## EXERCISE INSTRUCTIONS
Copy exactly. Include the line containing "志愿者们利用宣传画形式对辖区", every line after it, and the last line below, but no pictures.

Records from a data collection:
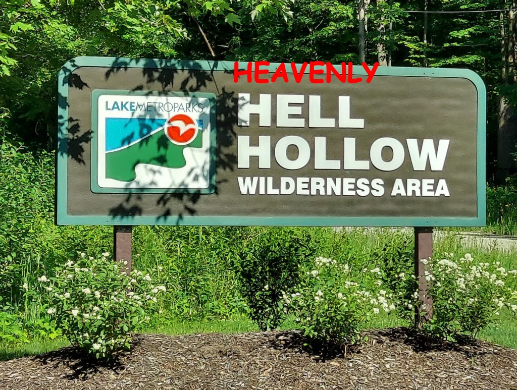 I feel relief that this special dragonfly is still living in this place, at least for now. Maybe I shouldn’t make such a big deal out of it, because I know there will come a day when they’re not there anymore and it will be sadder because I’ve celebrated them so much. But the experiences I’ve had with this emerald dragonfly have been frustrating, confusing, exciting, painful, suspenseful, and joyful. And each time I get to see one of them at Hell Hollow, I celebrate our mutual triumphs — mine for persevering and the snaketail’s for survival. My legs hurt for days afterward, but it’s so worth it! And that’s why I’ve renamed this place “Heavenly Hell Hollow.” I wonder if they’ll change the sign. 🙂
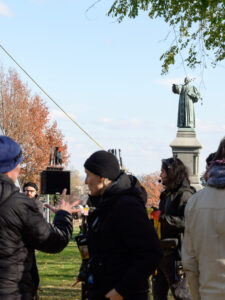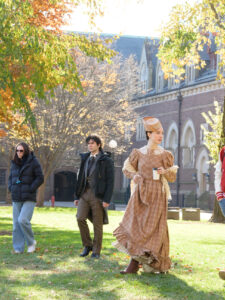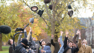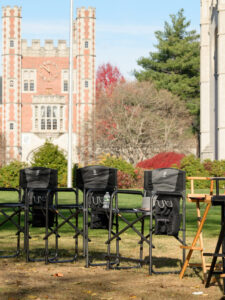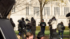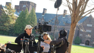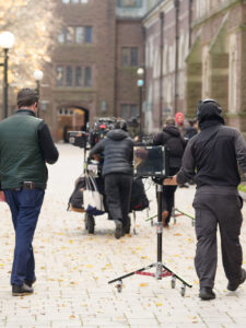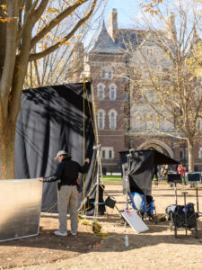 Len Murach, the location manager and assistant production manager for The Artist, grew up in Southington, Connecticut, and has scouted Trinity as a possible filming location for various projects in the Hartford area since 2020. “The scheduling worked because our filming days coincided with the Thanksgiving break,” he said. “We had the two days just before Thanksgiving and, in those two days, we were able to shoot 30 scenes in 11 locations with little to no disruption to the students.”
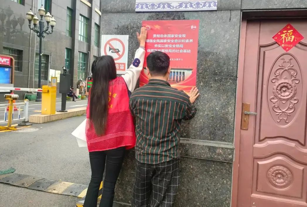 志愿者们利用宣传画形式对辖区居民宣传普及国家安全法律知识,深入学习国家安全法,加强居民国家安全普法教育,推动工作人员和居民学习掌握国家安全相关法律法规知识,提升防范化解重大风险的能力。
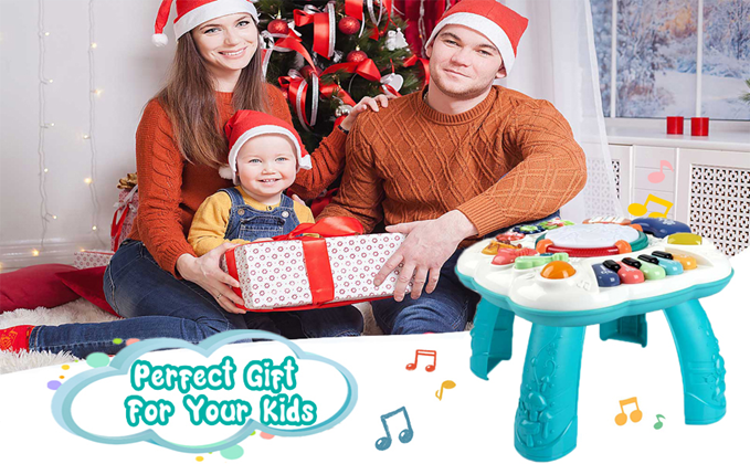 BACCOW Baby Toys 6 to 12-18 Months, Musical Activity Table for 1 Year Old Boys Girls Gifts, Toddler Infant Toys, Length 11.8 Inches Width 11.8 Inches Height 12.2 Inches
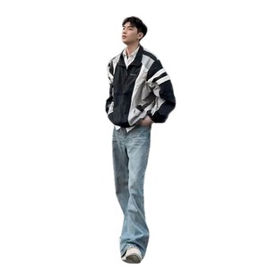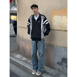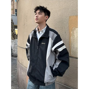 美式撞色拼接飞行夹克外套男款春秋季运动休闲短款潮牌立领棒球服
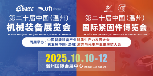 链全球,兴产业,促循环。10月10日至12日,第二十届中国(温州)机械装备展览会与2025第二十届中国(温州)国际紧固件博览会将在温州国际会展中心同期举办。本届机床展以“聚焦新质生产力·构建智造新生态”为主题,搭建产业互联平台,特别聚焦“中国紧固件之城”的产业升级。同期举办的紧固件展,将延伸产业链展示与对接,助力企业拓展合作。
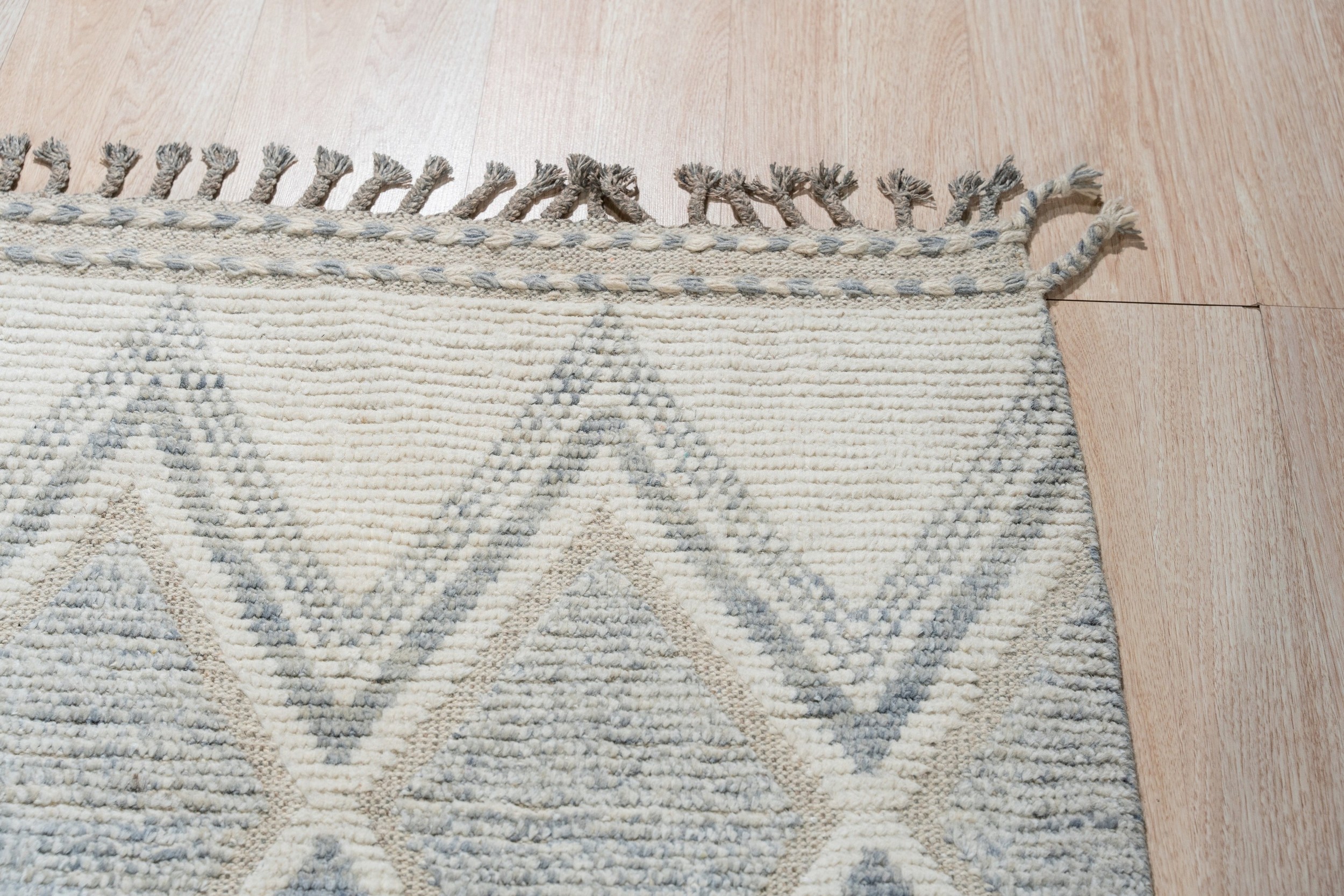 New Moroccan Beni Ourain Diamond Design Beige Hand-Knotted Modern Wool Berber Carpet
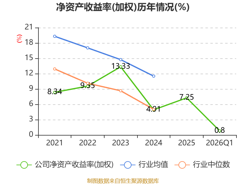 盈利能力方面, 2026年一季度公司加权平均净资产收益率为0.8%,同比下降1.11个百分点。公司2026年第一季度投入资本回报率为0.56%,较上年同期下降1.23个百分点。
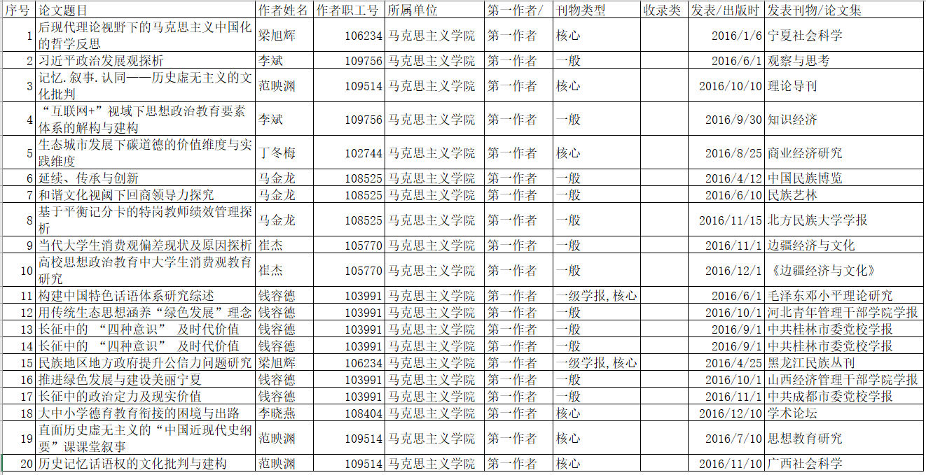 威廉希尔2016年度科研成果【学术论文】统计表(社科类)
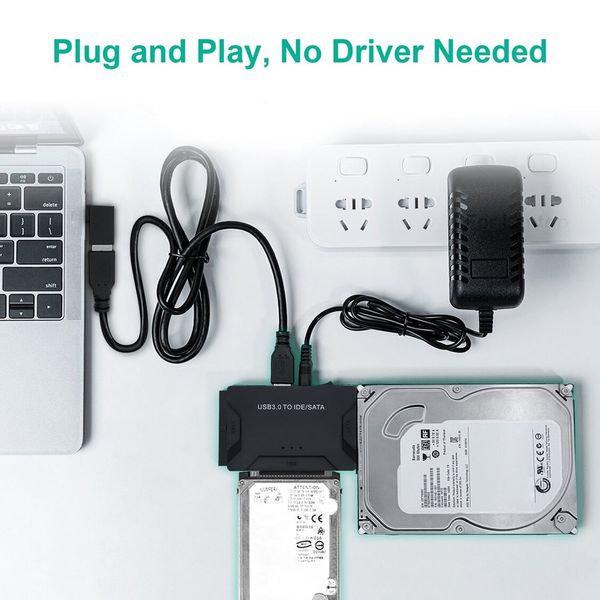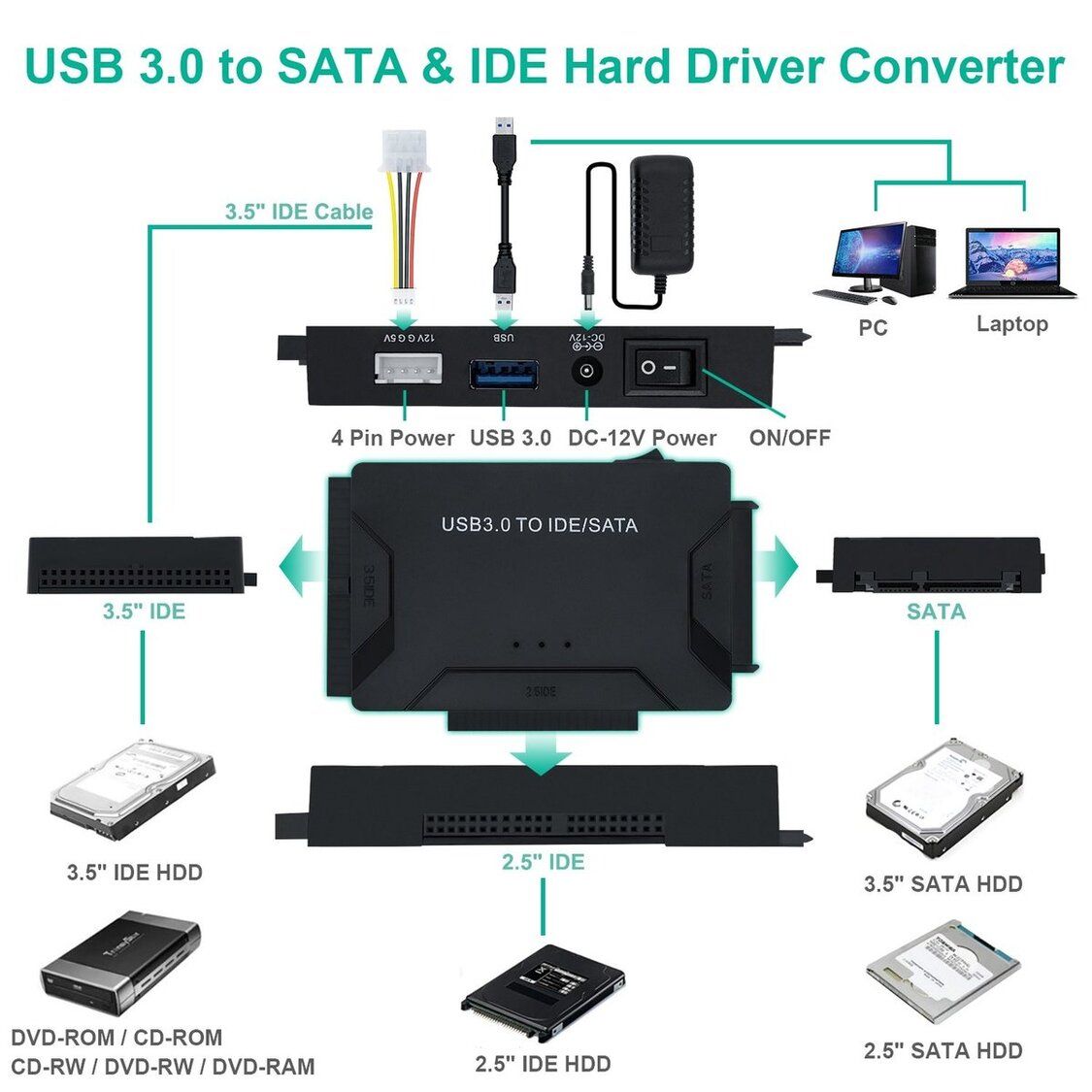 1.對於3.5" IDE驅動程序和舊的SATA HDD,您需要連接提供的12V / 2A電源適配器和4針電源線。請正確連接並在最後一步中打開USB3.0到IDE / SATA適配器的開關。
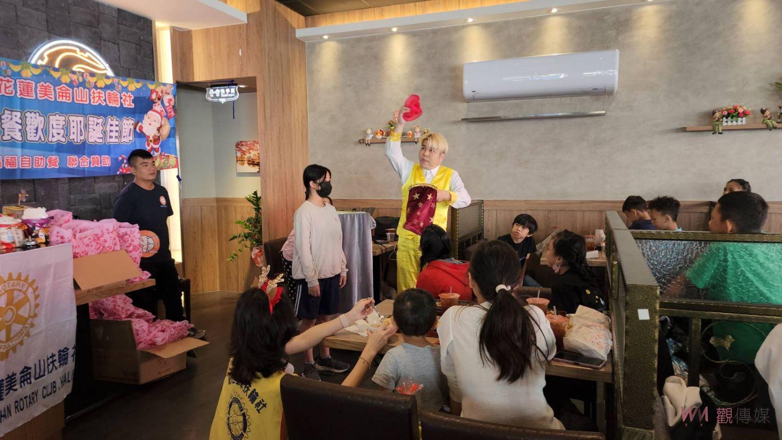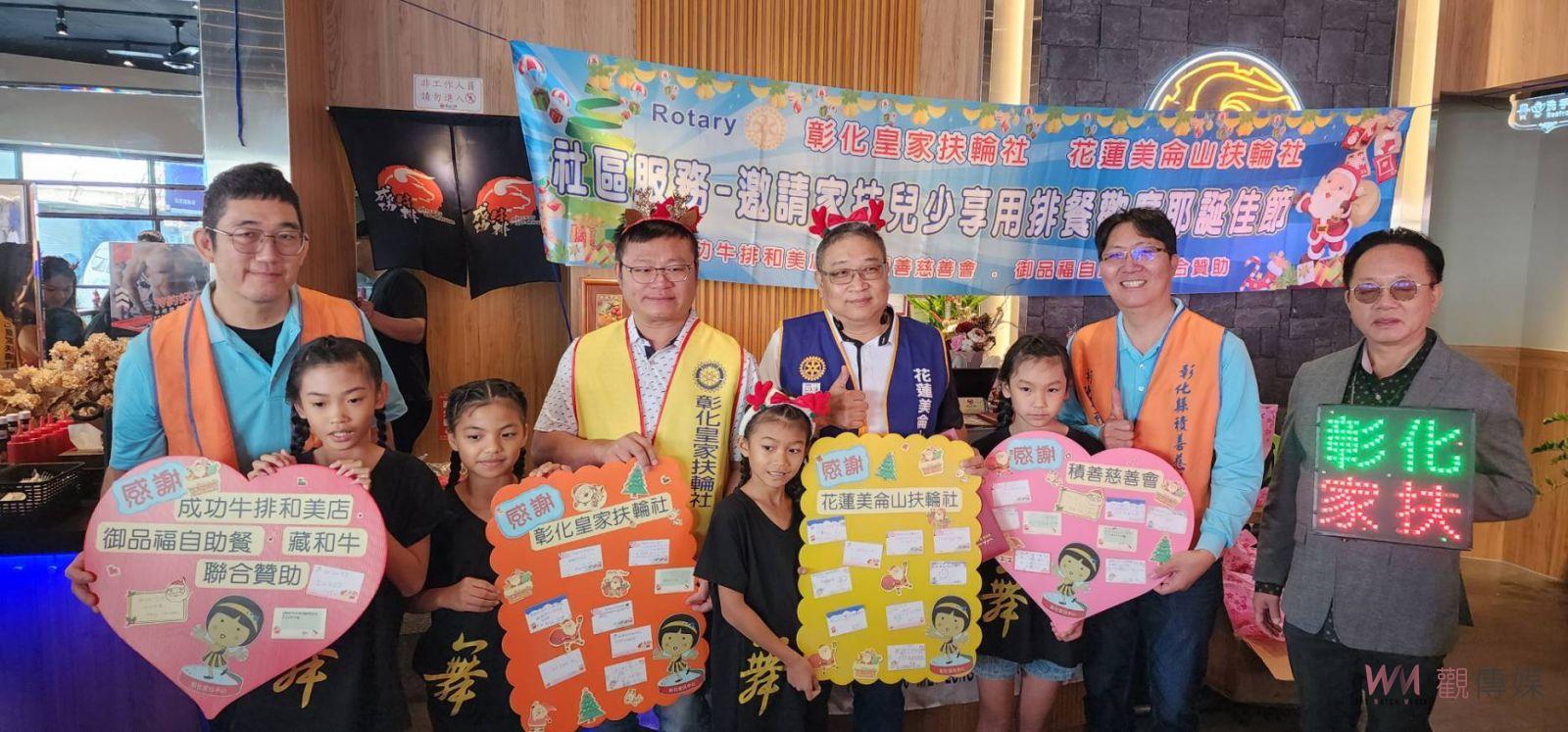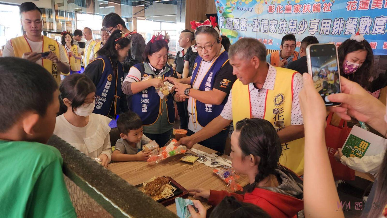 (觀傳媒彰化新聞)【記者陳雅芳/彰化報導】在耶誕節即將降臨之際,彰化皇家扶輪社與花蓮美侖山扶輪社今(18)日舉以「扶輪獻愛,家扶兒樂開懷」為主題,提前為彰化家扶中心的兒童們營造了一場溫馨感動的耶誕饗宴,招待彰化家扶親子60人享用排餐,並贈送在場的每一位小朋友們一份耶誕禮物,活動中並安排造型氣球及魔術表演與大小朋友互動,現場氣氛超嗨!
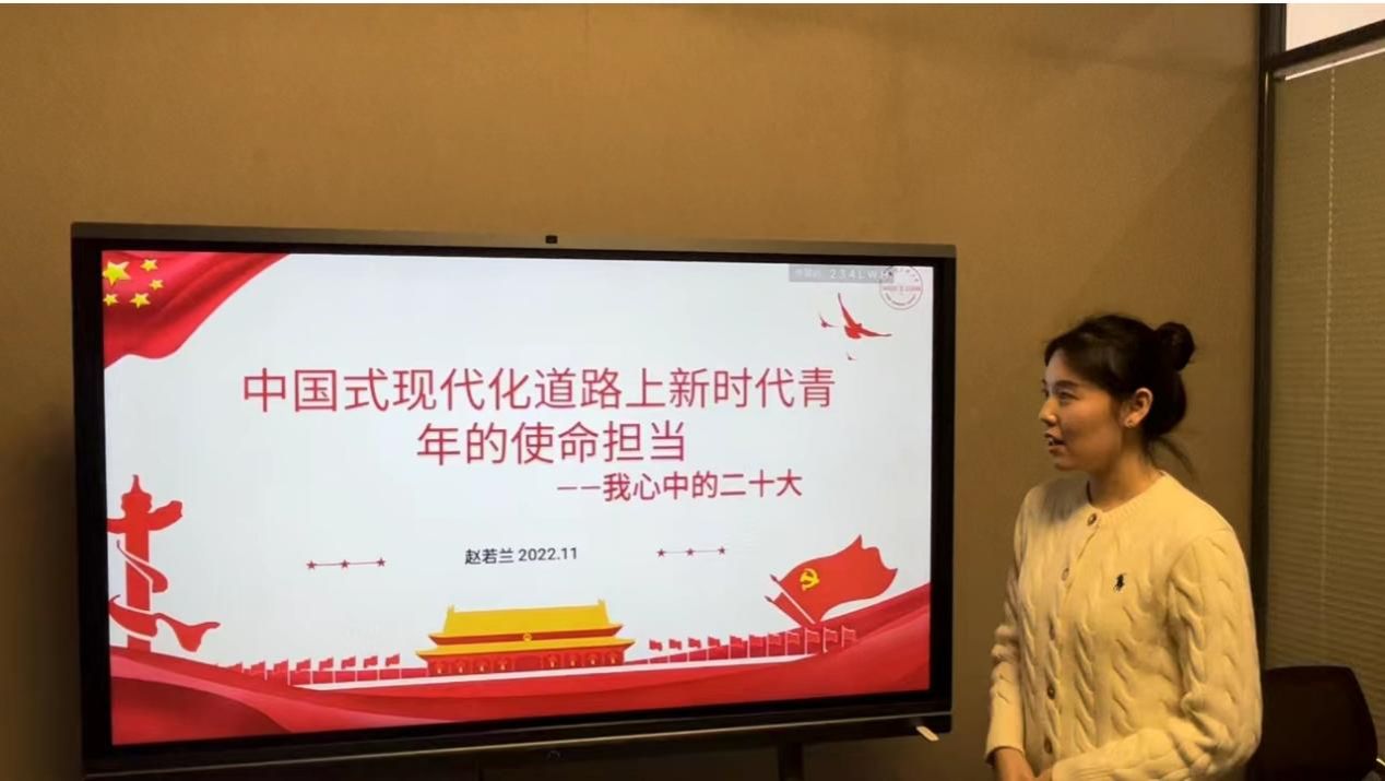 谈起宣讲党的二十大精神的感受,beat365英国官方网站2022级硕士研究生、“小马奔腾”宣讲团成员孟书平这样表示:“新征程的号角响彻四海,激荡在亿万人的心头。当代中国青年生逢其时,施展才干的舞台无比广阔,实现梦想的前景无比光明。作为青年,我们应当胸怀‘国之大者’,自觉发挥主力军和突击队作用,积极传播党的二十大的内容,弘扬党的二十大精神,继承‘永久奋斗’的光荣传统、发扬‘越是艰难越向前’的斗争精神,践行‘请党放心,强国有我’的青春誓言,怀抱梦想又脚踏实地、敢想敢为又善作善成,让更多人感受到青年的力量!”

## OUTPUT FOR THIS EXERCISE
 志愿者们利用宣传画形式对辖区居民宣传普及国家安全法律知识,深入学习国家安全法,加强居民国家安全普法教育,推动工作人员和居民学习掌握国家安全相关法律法规知识,提升防范化解重大风险的能力。
 BACCOW Baby Toys 6 to 12-18 Months, Musical Activity Table for 1 Year Old Boys Girls Gifts, Toddler Infant Toys, Length 11.8 Inches Width 11.8 Inches Height 12.2 Inches
 美式撞色拼接飞行夹克外套男款春秋季运动休闲短款潮牌立领棒球服
 链全球,兴产业,促循环。10月10日至12日,第二十届中国(温州)机械装备展览会与2025第二十届中国(温州)国际紧固件博览会将在温州国际会展中心同期举办。本届机床展以“聚焦新质生产力·构建智造新生态”为主题,搭建产业互联平台,特别聚焦“中国紧固件之城”的产业升级。同期举办的紧固件展,将延伸产业链展示与对接,助力企业拓展合作。
 New Moroccan Beni Ourain Diamond Design Beige Hand-Knotted Modern Wool Berber Carpet
 盈利能力方面, 2026年一季度公司加权平均净资产收益率为0.8%,同比下降1.11个百分点。公司2026年第一季度投入资本回报率为0.56%,较上年同期下降1.23个百分点。
 威廉希尔2016年度科研成果【学术论文】统计表(社科类)
 1.對於3.5" IDE驅動程序和舊的SATA HDD,您需要連接提供的12V / 2A電源適配器和4針電源線。請正確連接並在最後一步中打開USB3.0到IDE / SATA適配器的開關。
 (觀傳媒彰化新聞)【記者陳雅芳/彰化報導】在耶誕節即將降臨之際,彰化皇家扶輪社與花蓮美侖山扶輪社今(18)日舉以「扶輪獻愛,家扶兒樂開懷」為主題,提前為彰化家扶中心的兒童們營造了一場溫馨感動的耶誕饗宴,招待彰化家扶親子60人享用排餐,並贈送在場的每一位小朋友們一份耶誕禮物,活動中並安排造型氣球及魔術表演與大小朋友互動,現場氣氛超嗨!
 谈起宣讲党的二十大精神的感受,beat365英国官方网站2022级硕士研究生、“小马奔腾”宣讲团成员孟书平这样表示:“新征程的号角响彻四海,激荡在亿万人的心头。当代中国青年生逢其时,施展才干的舞台无比广阔,实现梦想的前景无比光明。作为青年,我们应当胸怀‘国之大者’,自觉发挥主力军和突击队作用,积极传播党的二十大的内容,弘扬党的二十大精神,继承‘永久奋斗’的光荣传统、发扬‘越是艰难越向前’的斗争精神,践行‘请党放心,强国有我’的青春誓言,怀抱梦想又脚踏实地、敢想敢为又善作善成,让更多人感受到青年的力量!”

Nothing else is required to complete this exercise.